Формально, конечно, имеются возможности для преодоления российского вето. Резолюция Генассамблеи ООН №377 (5) «Объединение ради мира» от 3 ноября 1950 г. содержит соответствующий механизм. Согласно документу, если Совбез не в состоянии принять мер в защиту мира из-за непреодолимых разногласий, то Генассамблея обязана взять на себя поиск соответствующего решения. Оно считается принятым в случае, если его поддержат две трети государств-членов. Сейчас это 129 стран.
Сумеем ли мы заручиться их поддержкой – вопрос, боюсь, гипотетический. Как и в каждом парламенте, в ООН у любой инициативы имеются более или менее принципиальные сторонники, более или менее принципиальные противники, более или менее равнодушные. Последних обычно большинство, и пересмотр ими точки зрения зачастую является следствием коррупции, шантажа, неформальных отношений и услуг, с обсуждаемой темой совершенно не связанных. С принципиальными, случается, дело обстоит так же – с поправкой на большие усилия и затраты для их убеждения. О том, что кто-то из убеждаемых может оказаться счастливым обладателем «золотой акции» – в смысле, голоса – можно и не упоминать.
В общем, не сказать, что обращение к Резолюции №377 невозможно, но и Киеву, и «клубу друзей Украины» придется сильно постараться, чтобы обеспечить результат. Который, однако, ничего не гарантирует: резолюция носит рекомендательный, а не обязывающий характер. И та же Россия с полным основанием может отказаться ее выполнять.

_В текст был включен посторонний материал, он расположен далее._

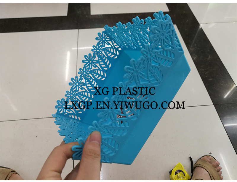 创意收纳篮正方镂空小花客厅零食水果篮时尚桌面置物篮塑料杂物篮

В то же время сам упомянутый документ был принят в ситуации, когда войска КНДР, усиленные китайскими «добровольцами», перешли 38 параллель ради, так сказать, «объединения страны». Собственно, это и дало правовую базу для создания «голубых касок», а Корейская война, соответственно, стала первым опытом международной миротворческой операции.
Параллели, думается, вполне прозрачны. Но чтобы представить, что сейчас вновь будет разыгран тот же сюжет, нужно иметь очень бурную фантазию. Причем с самого начала. Без спроса у «властей ЛДНР» украинская сторона открывает КПП, миротворцы через них выдвигаются на позиции и развертываются… Очевидно, без применения оружия не обходится. Результат – неизбежная эскалация конфликта и прямое вмешательство в него Москвы. ВКС РФ прикрывают «войска ЛДНР», а в Кремле подумывают о превентивном ядерном ударе – в общем, как в 1950-м. И да, к слову: Корейская война – самый долгий замороженный конфликт в современной истории. Не думаю, что такой опыт устроит Украину.

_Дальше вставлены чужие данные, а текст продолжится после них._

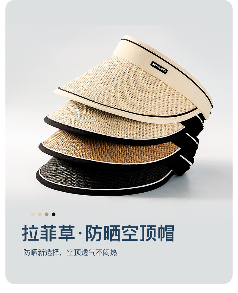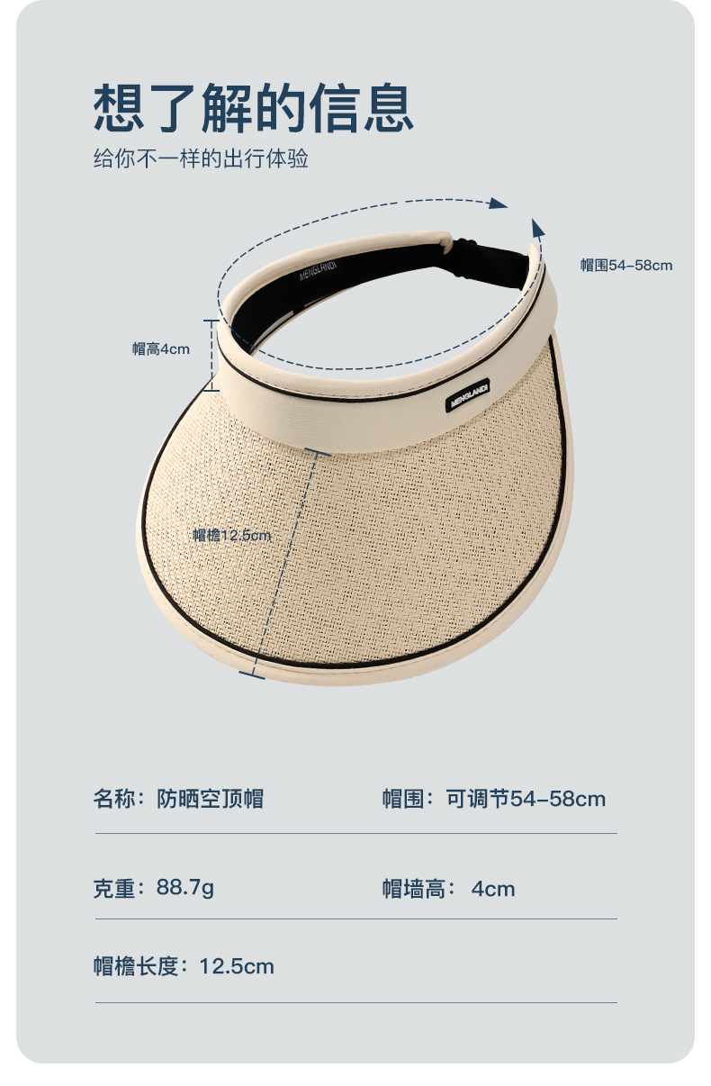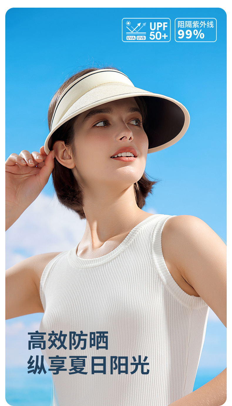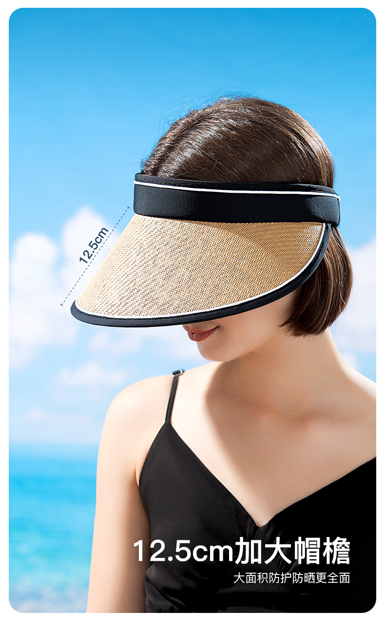 【大帽檐更防晒,可卷收纳】夏季拉菲草防晒空顶帽 防晒UPF50+ 草编+黑胶双层防晒 大帽檐 头围可调 时尚百搭

Из этого следует логичный, полагаю, вывод: тема ооновских миротворцев является новым фронтом дипломатических и политических баталий, исход которых решит экономическая целесообразность. Финальное решение неизбежно окажется компромиссным, независимо от отношения к этому Киева и Москвы. Причем если достичь компромисса не удастся, тема миротворческой миссии превратится в аналог Минских соглашений. Которые невозможно ни вывести из комы, ни отключить от систем жизнеобеспечения. И альтернативного плана у нас, похоже, снова нет.
Так что, наверное, на всякий случай все же стоит немного подкорректировать ряд: мифотворческие силы, мифотворческая операция, международный мифотворческий контингент.